Georgia’s labor force — those working as well as those looking for work — grew by 15,704 in January, reaching 4,846,362. That was the highest level since July 2008.

The number of long-term unemployed workers — those out of work for more than 26 weeks — declined by 3,700 to 191,300 in January. That was the lowest level in 35 months. The long-term unemployed now make up 45.2 percent of those unemployed in Georgia.

The state’s jobless rate remains considerably above the 7.9 percent national rate, which will be updated for February on Friday.

13 comments Add your comment

Progress

March 7th, 2013
8:32 am

Thank you Georgia Republicans for continued high unemployment and low real estate values when the rest of the country has been in recovery for years.

David D

March 7th, 2013
8:40 am

Of course, the jobless rate is stubborn in Georgia. We’ve had six years of economic problems and all the Legislature can do is worry about passing more laws allowing guns in churches, on MARTA, in the Airport, in grocery stores – you name it. The influence of the gun lobby and the Tea Party has corrupted this State completely.

kris cross

March 7th, 2013
9:56 am

Seen those shovel ready jobs you two? Yeah, that’s what I thought. Obama’s President, time to step up and quit campaigning.

DS

March 7th, 2013
10:12 am

I’m not impressed with Georgia Republicans’ ability to promote economic growth either, but to be fair, Georgia voters are ultimately responsible.

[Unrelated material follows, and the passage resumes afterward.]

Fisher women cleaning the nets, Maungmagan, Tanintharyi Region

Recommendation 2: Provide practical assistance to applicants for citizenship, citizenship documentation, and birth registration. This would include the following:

The transportation SPLOST bill would’ve given a big push to the local economy and helped ease traffic congestion too, but only three traffic regions across mid-Georgia voted for the plan.

And the Georgia legislature is starving public education, putting a lot of teachers out of work, leaving us with a less-educated work force, and even redirecting tax funds to private schools.

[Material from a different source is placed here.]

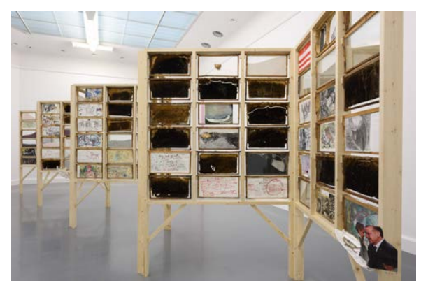
The Salt Traders, 2015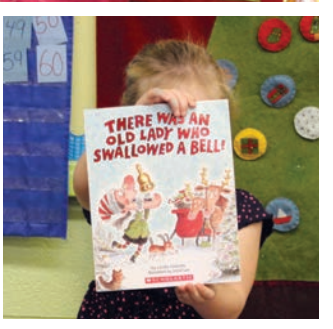
Advent Reindeer holds love

The Georgia Republicans wouldn’t be promoting these things if voters stopped supporting them.

We get the government we deserve.

Mary M.

March 7th, 2013
10:15 am

In the article, the year began with 79,600 more jobs in January than in the same period a year ago, a plus sign. But, why are our unemployed workers not qualifying for the jobs? How much of an issue is location and transportation?

Road Scholar

March 7th, 2013
11:41 am

Yeah! Glad to see all those tax breaks for business and the “job creators” are working!

Funkisha

March 7th, 2013
12:39 pm

“The long-term unemployed now make up 45.2 percent of those unemployed in Georgia.”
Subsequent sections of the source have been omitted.